Climate crisis, land use, rising costs of traditional burials; there are many reasons more people are considering eco-friendly processes for their loved ones after death. Katrina Spade is the creator of one of these processes, called human composting, which is legal in Washington State, Oregon, Colorado, and now Vermont. “Our company is called Recompose, which is what happens to your body when you’re composted,” Spade told Alta Live. “The molecules in you are rearranged, and you compose a new material.” Recompose lays bodies in a bed of alfalfa, straw, and wood chips to decompose, which takes about two months and yields a cubic yard of nutrient-rich soil.

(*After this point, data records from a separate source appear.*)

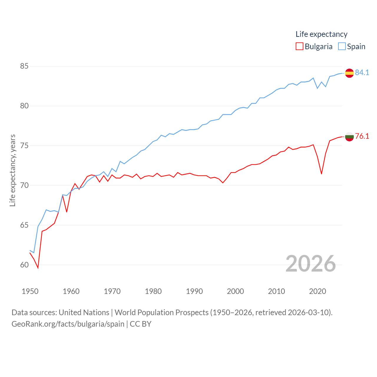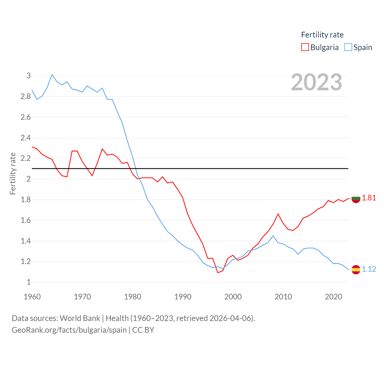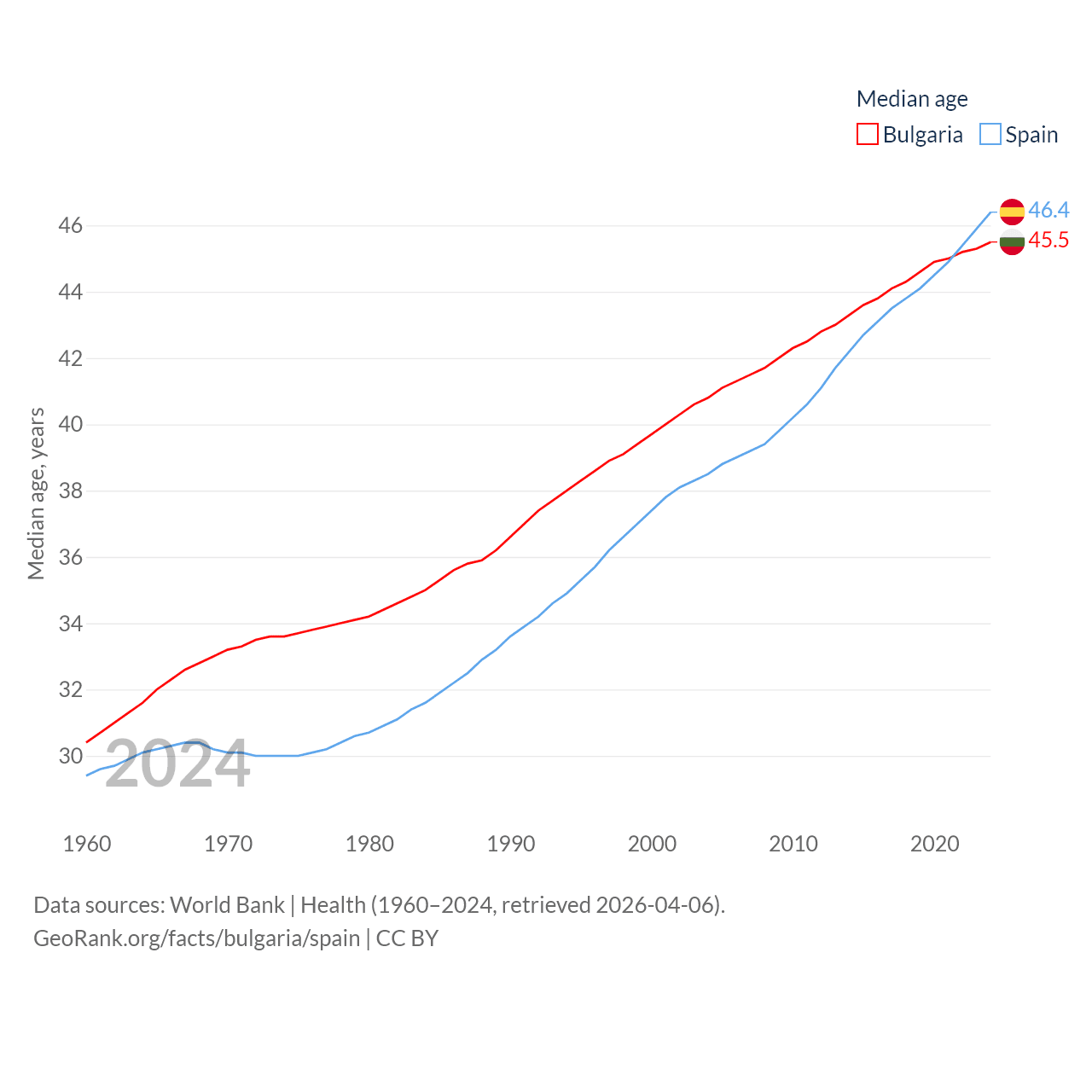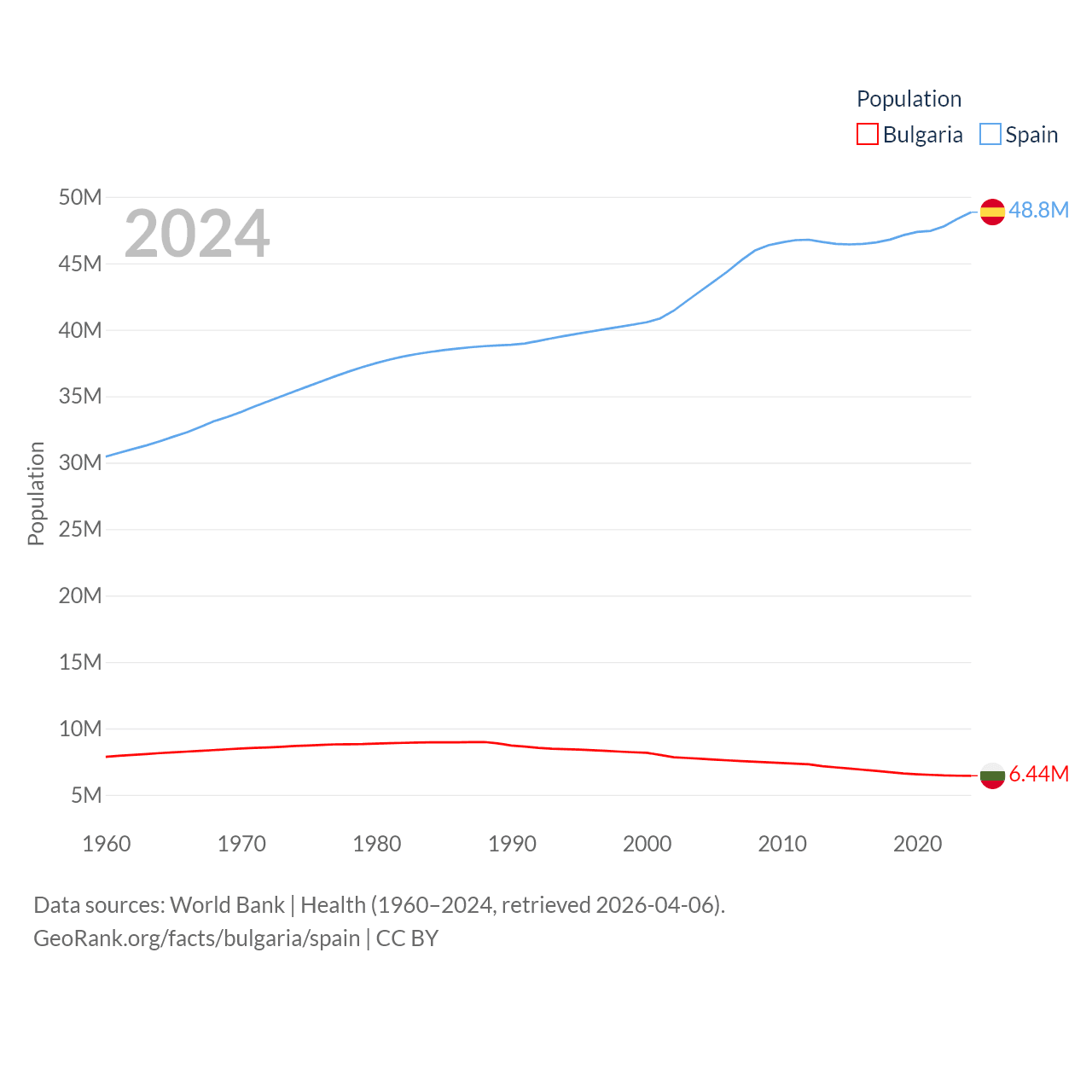 Bulgaria has a population of 6.44M (ranked 110/197), compared with 48.8M in Spain (ranked 32/197). Bulgaria's land area is 41,915 sq mi versus 192,934 sq mi for Spain (ranked 101st vs. 51st).
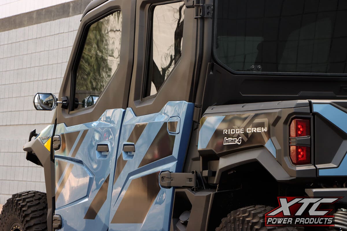 The driving lights are a custom assembly made specifically for XTC by Rigid Industries, featuring a high-output light. The Broad/Spot Optic design provides an evenly distributed light pattern that is powerful enough to be used as a standalone light while also pairing perfectly with forward-facing light bars or spotlights, ensuring optimal nighttime off-road visibility. Included in the kit is a Plug and Play wiring harness and a custom XTC Mirror Lights Rocker Switch to activate the main lights. The XTC Brushed aluminum accent plates are removable and can be powder coated for custom UTV personalization.
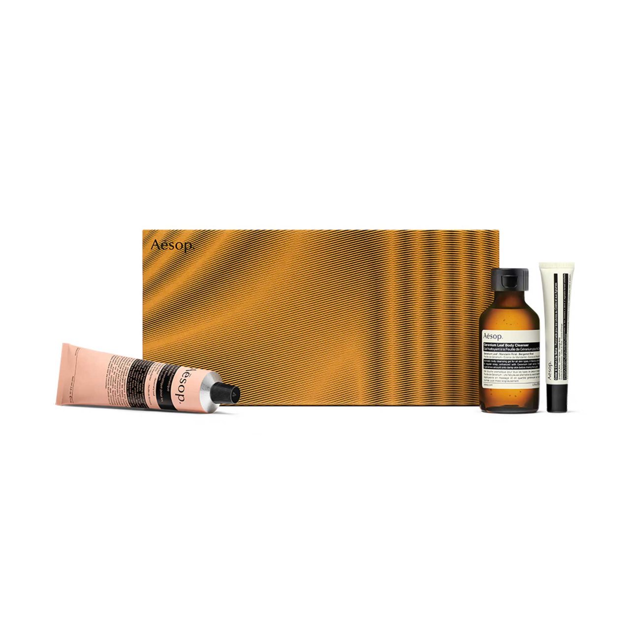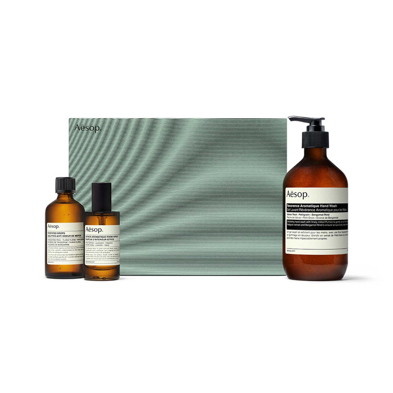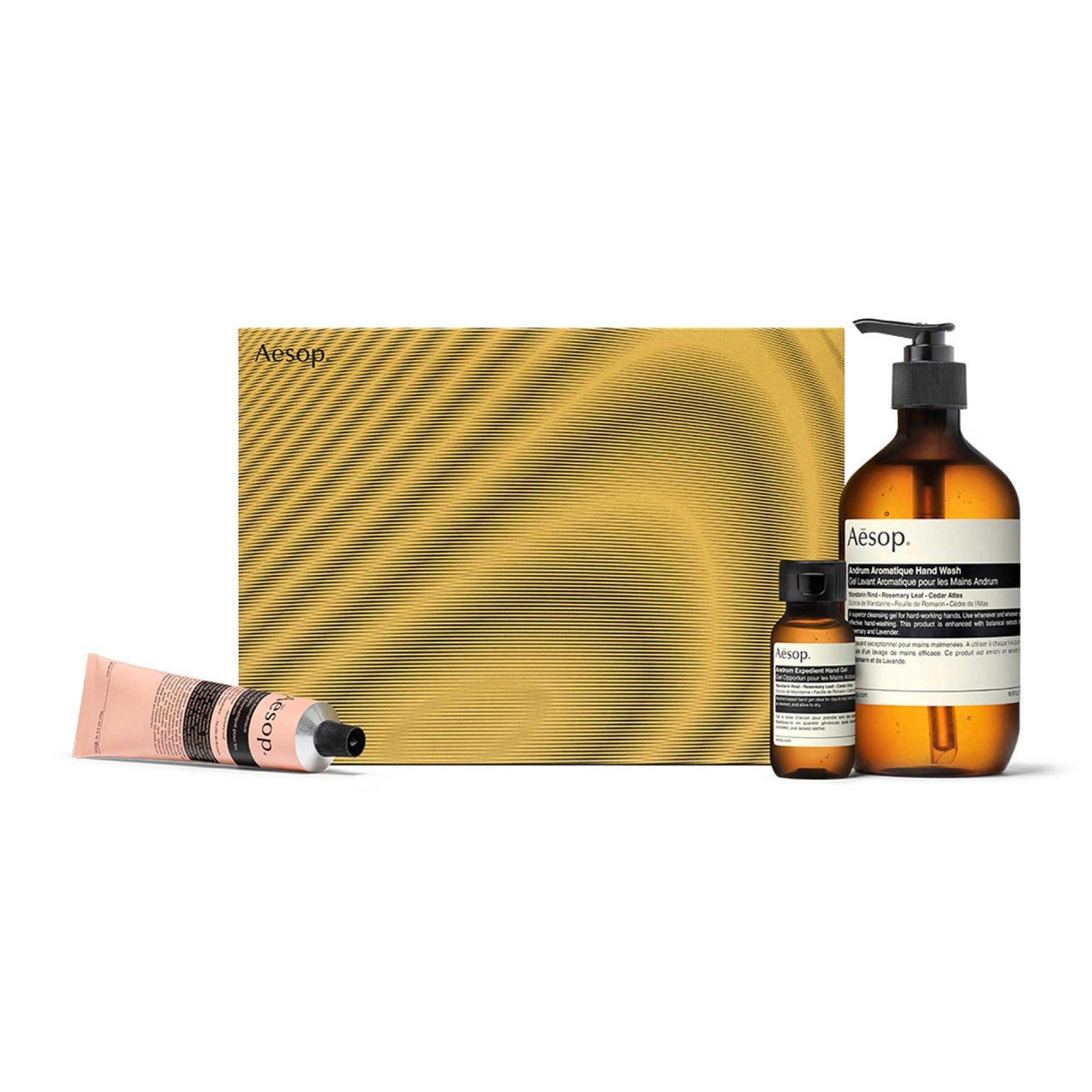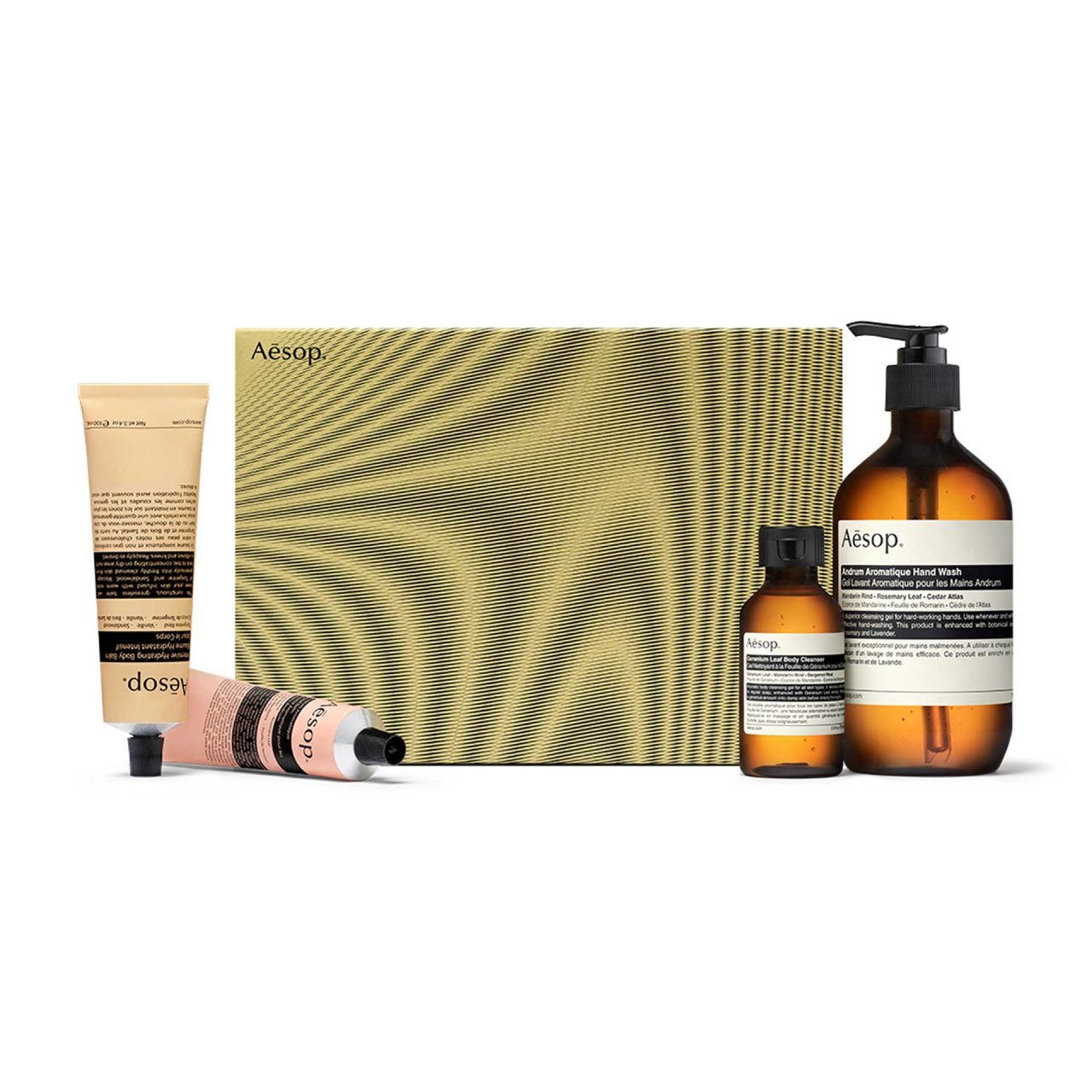 1つ目は全身と手肌をいたわるアイテムが揃った「マジェスティック メロディーズ」。ハンドケアとボディケアの両方がかなうこのキットは、大切な人への贈り物にも最適。ロングセラーのアンドラム アロマティック ハンドウォッシュとハンドバームに加え、インテンシブ ハイドレーティング ボディバームとゼラニウム ボディクレンザーをセットに。
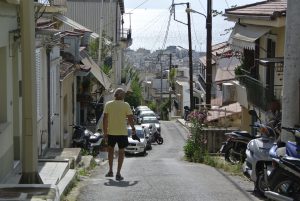Abermals starteten wir im Morgengrauen und legten Kurs Nordwest, Richtung Galaxidhi im Golf von Itea. Dabei konnten wir abermals ein paar kleinere Delphine in der Ferne beobachten. Fritz kannte Galaxidhi noch nicht und ich hatte ihn von 2013 in sehr guter Erinnerung. Wir blieben zwei Nächte (15€/N) und genossen diesen Ruhetag. Bei meinem Morgenlauf gabs mal wieder eine ungute Situation….ich lief bei einer Ansammlung von ca. 15 Bienenstöcken vorbei. Es flog kaum was herum, und doch stürzten sich einige dieser Viecher auf meinen Kopf und verkrochen sich in meinen Haaren…. ich versuchte sie mit gespreizten Fingern raus zu streifen und erhielt dabei einige Stiche. Blitzartig ging mein Puls (Pulsuhr) von 125 auf 155 und ich entschloss mich zur Umkehr. Fazit: nicht mehr bei Bienenstöcken vorbei laufen… nach zwei Stunden war wieder alles ok.

In total, the process saves about 1.2 metric tons of carbon per person, compared with traditional burial; it’s also more eco-friendly than cremation. Spade first dreamed up the idea for Recompose in graduate school, founded the company in 2017, helped get the process legalized in Washington in 2019, and opened for business there in 2020. The second Recompose facility will be in Denver, and Spade has hopes that more states will legalize the process, allowing for expansion, including to California. “Recompose has always had fairly grand visions,” Spade said. “Let’s try to be as many places as people want us, which is, it turns out, a lot of places.”
Check out these links to some of the topics Spade and Spotswood brought up.
- Read “Ashes to Ashes,” by Tricia Romano, from the Alta Thursday newsletter.
- Learn more about Recompose.
- Learn more about the California bill related to reduction of human remains.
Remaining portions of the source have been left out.